| Activity |
For the records below, please print exactly and only the lines from the one with "formformaSTAFF" down to the one with "材易购软件是非常好用的一款装", both ends included, omitting the pictures.

[[ Data supplied, beginning ]]

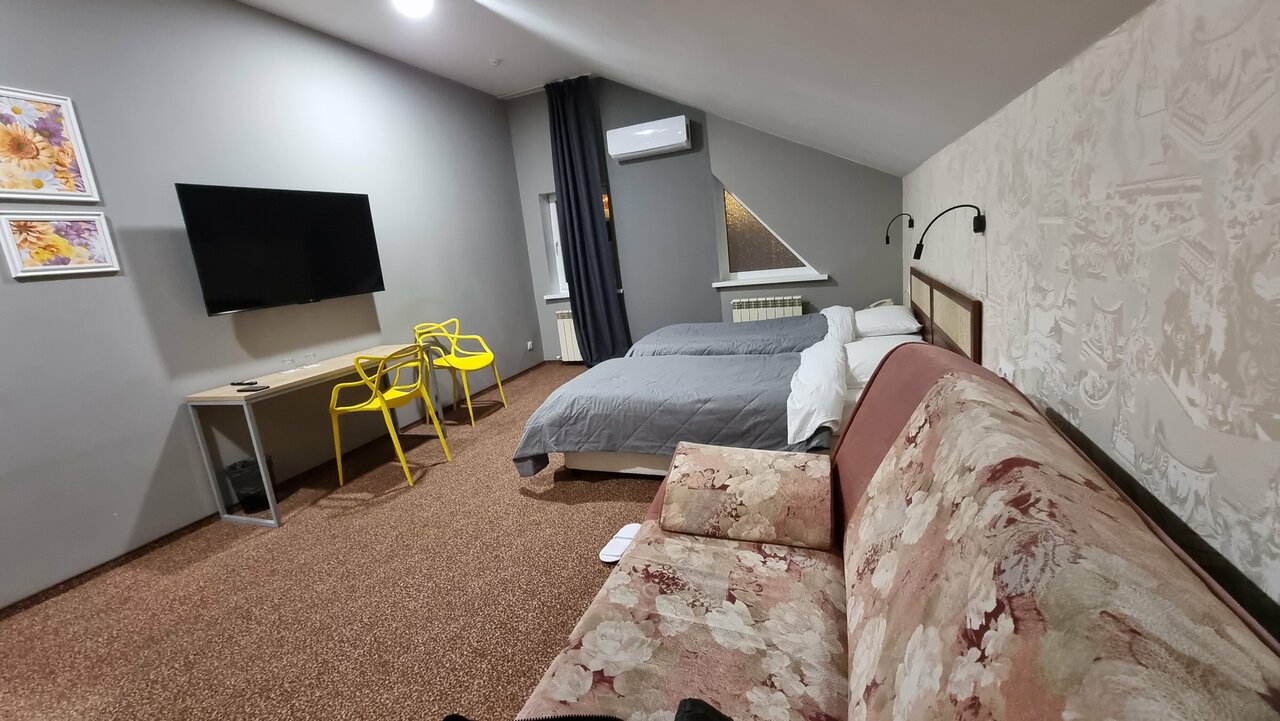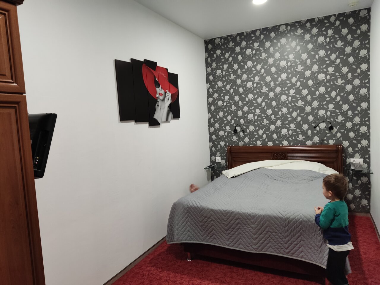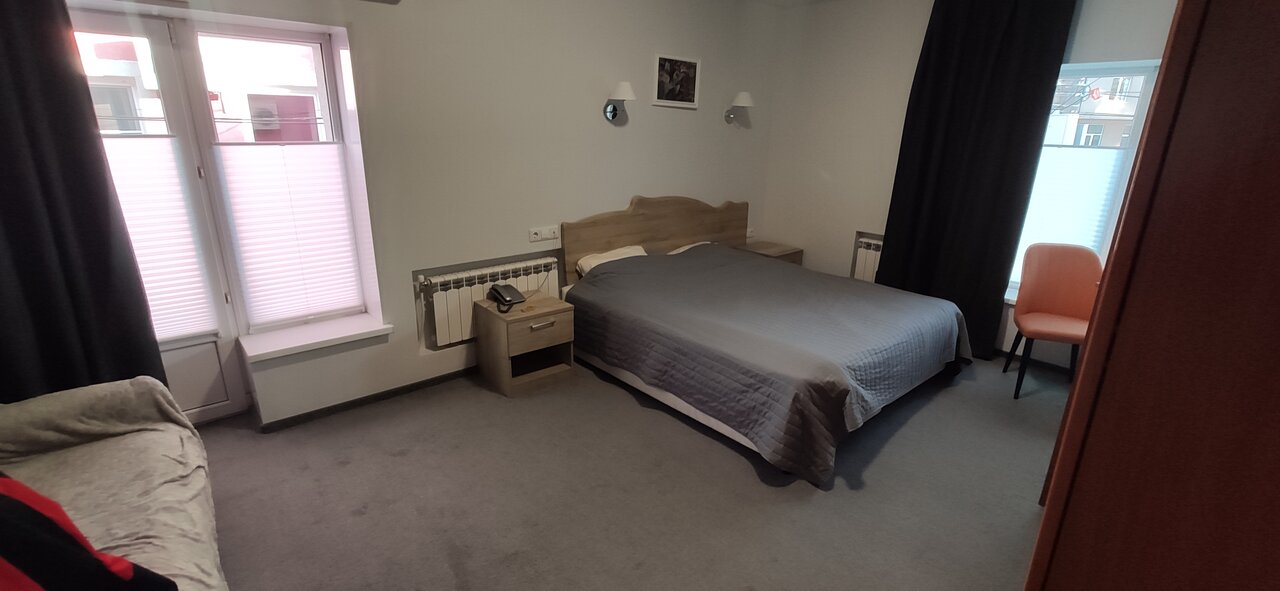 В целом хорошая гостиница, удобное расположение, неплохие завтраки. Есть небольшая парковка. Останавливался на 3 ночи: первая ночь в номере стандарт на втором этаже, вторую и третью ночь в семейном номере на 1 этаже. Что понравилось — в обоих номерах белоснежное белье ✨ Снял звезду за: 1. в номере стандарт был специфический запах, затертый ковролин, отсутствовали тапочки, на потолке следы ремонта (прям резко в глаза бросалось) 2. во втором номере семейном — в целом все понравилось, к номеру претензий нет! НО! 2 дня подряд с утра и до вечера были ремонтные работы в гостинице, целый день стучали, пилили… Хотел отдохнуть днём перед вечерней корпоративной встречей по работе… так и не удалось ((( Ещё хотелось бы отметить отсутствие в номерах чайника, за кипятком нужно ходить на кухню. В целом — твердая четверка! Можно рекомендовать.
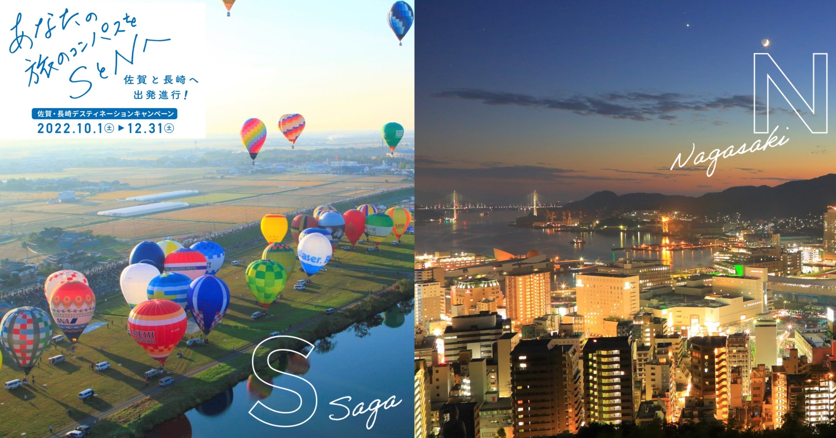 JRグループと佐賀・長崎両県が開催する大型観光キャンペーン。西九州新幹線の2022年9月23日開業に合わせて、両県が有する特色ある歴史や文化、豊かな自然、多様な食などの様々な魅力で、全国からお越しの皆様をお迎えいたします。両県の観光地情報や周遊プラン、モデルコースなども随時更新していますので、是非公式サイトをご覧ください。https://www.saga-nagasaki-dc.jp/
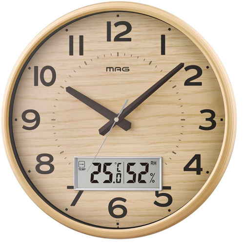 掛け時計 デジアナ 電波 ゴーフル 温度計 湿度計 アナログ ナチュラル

[[ Data supplied, end ]]
[[ Data supplied, beginning ]]

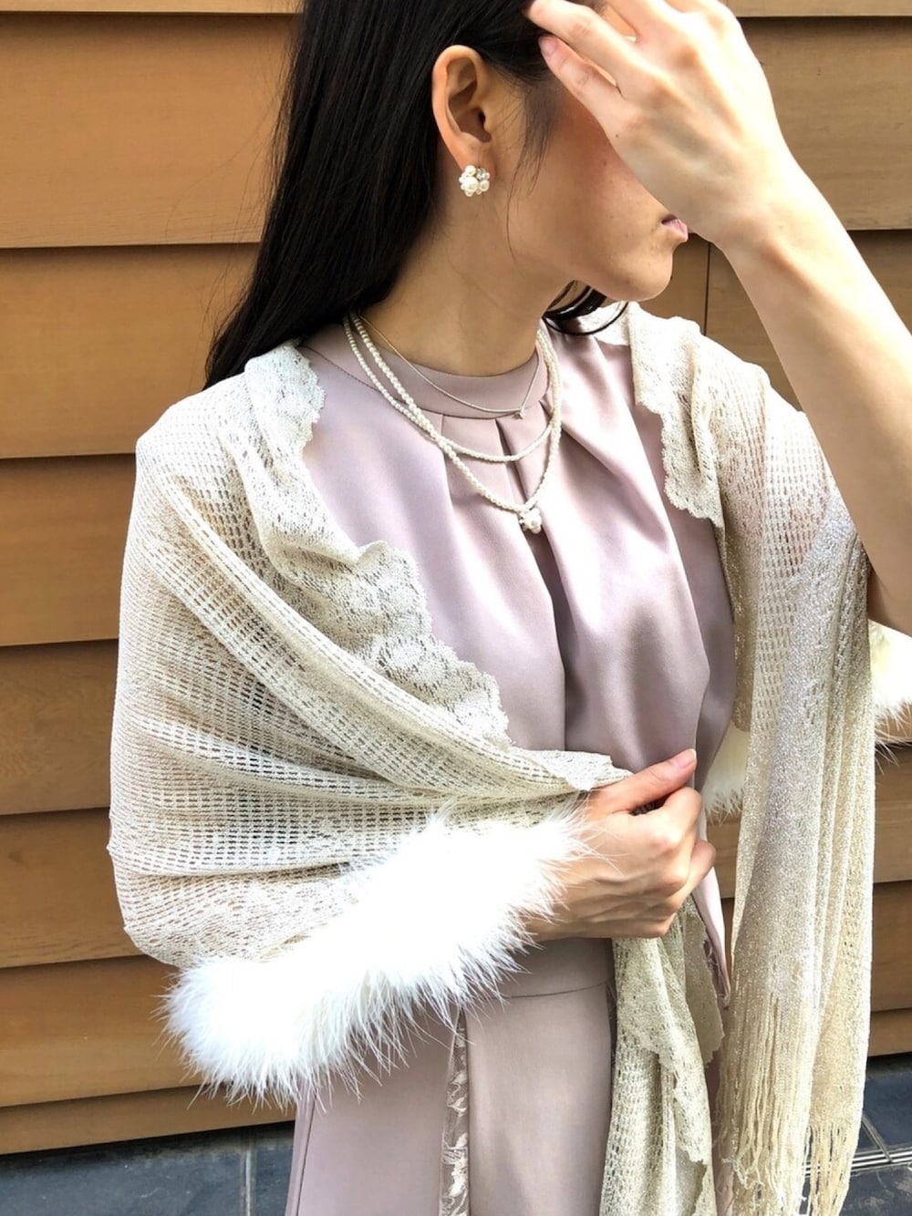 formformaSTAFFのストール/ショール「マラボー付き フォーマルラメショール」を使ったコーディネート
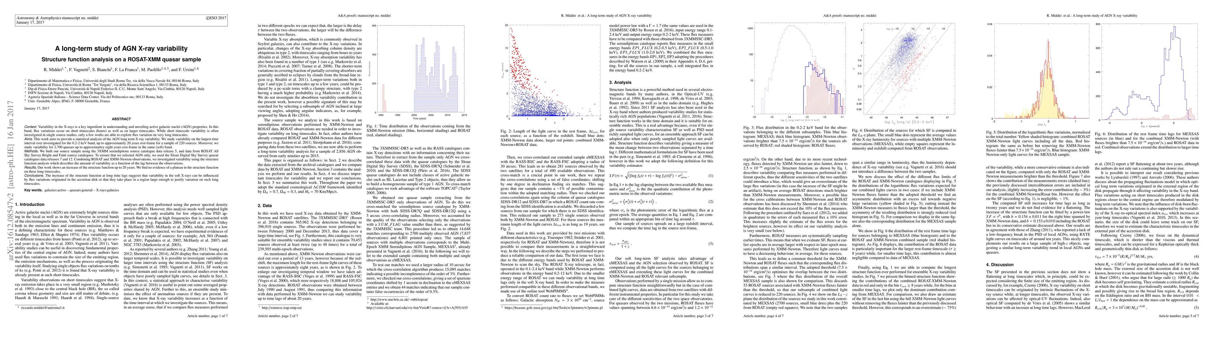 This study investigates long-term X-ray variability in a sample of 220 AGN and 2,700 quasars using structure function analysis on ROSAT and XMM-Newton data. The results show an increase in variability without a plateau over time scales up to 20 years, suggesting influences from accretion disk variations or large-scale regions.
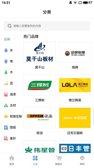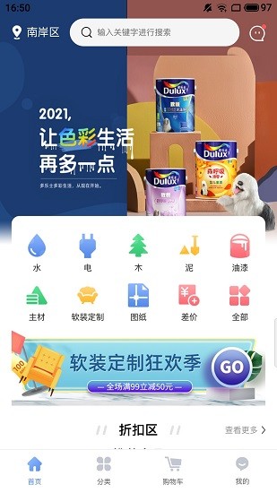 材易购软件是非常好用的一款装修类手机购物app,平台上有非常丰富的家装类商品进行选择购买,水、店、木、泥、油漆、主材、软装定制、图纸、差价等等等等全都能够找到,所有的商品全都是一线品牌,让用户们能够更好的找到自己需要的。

[[ Data supplied, end ]]

| Completed task |
 formformaSTAFFのストール/ショール「マラボー付き フォーマルラメショール」を使ったコーディネート
 This study investigates long-term X-ray variability in a sample of 220 AGN and 2,700 quasars using structure function analysis on ROSAT and XMM-Newton data. The results show an increase in variability without a plateau over time scales up to 20 years, suggesting influences from accretion disk variations or large-scale regions.
 材易购软件是非常好用的一款装修类手机购物app,平台上有非常丰富的家装类商品进行选择购买,水、店、木、泥、油漆、主材、软装定制、图纸、差价等等等等全都能够找到,所有的商品全都是一线品牌,让用户们能够更好的找到自己需要的。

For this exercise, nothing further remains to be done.